From the entries below, write out exactly the lines between the line holding "Use Flourish's mobile" and the line holding "Στη μέση ξεχωρίσαμε", inclusive, excluding any pictures.

§ **RECORDS PROVIDED**:
········

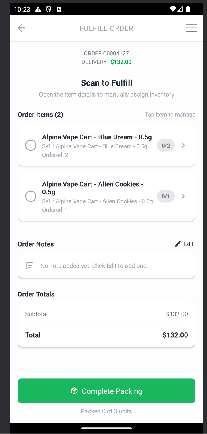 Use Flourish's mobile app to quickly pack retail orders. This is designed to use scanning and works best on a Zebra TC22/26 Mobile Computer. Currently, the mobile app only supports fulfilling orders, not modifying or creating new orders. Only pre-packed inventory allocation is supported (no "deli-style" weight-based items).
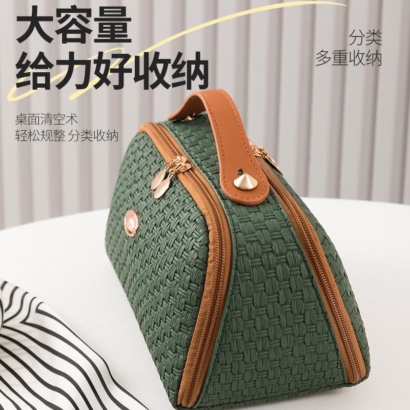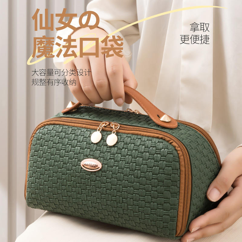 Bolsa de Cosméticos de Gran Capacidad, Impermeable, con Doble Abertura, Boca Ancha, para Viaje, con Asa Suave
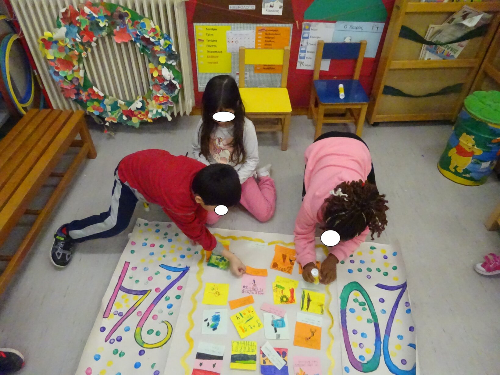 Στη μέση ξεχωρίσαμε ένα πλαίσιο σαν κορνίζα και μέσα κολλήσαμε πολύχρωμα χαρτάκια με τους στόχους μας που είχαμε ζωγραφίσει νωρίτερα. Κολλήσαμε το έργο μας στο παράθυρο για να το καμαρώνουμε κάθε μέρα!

········

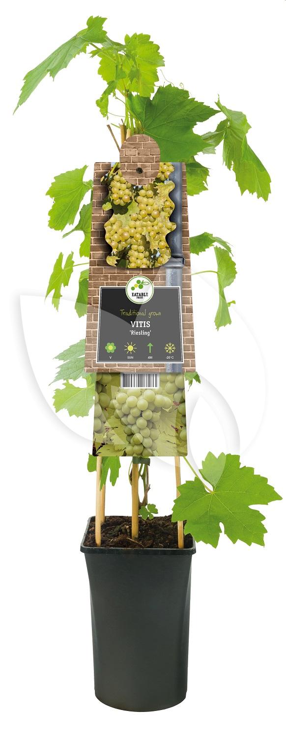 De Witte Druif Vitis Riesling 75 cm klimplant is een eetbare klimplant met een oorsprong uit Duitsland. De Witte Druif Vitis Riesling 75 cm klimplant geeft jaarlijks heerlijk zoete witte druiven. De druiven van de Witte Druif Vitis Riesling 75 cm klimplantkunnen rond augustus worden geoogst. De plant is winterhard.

········

§ **ANSWER BOX**:
 Use Flourish's mobile app to quickly pack retail orders. This is designed to use scanning and works best on a Zebra TC22/26 Mobile Computer. Currently, the mobile app only supports fulfilling orders, not modifying or creating new orders. Only pre-packed inventory allocation is supported (no "deli-style" weight-based items).
 Bolsa de Cosméticos de Gran Capacidad, Impermeable, con Doble Abertura, Boca Ancha, para Viaje, con Asa Suave
 Στη μέση ξεχωρίσαμε ένα πλαίσιο σαν κορνίζα και μέσα κολλήσαμε πολύχρωμα χαρτάκια με τους στόχους μας που είχαμε ζωγραφίσει νωρίτερα. Κολλήσαμε το έργο μας στο παράθυρο για να το καμαρώνουμε κάθε μέρα!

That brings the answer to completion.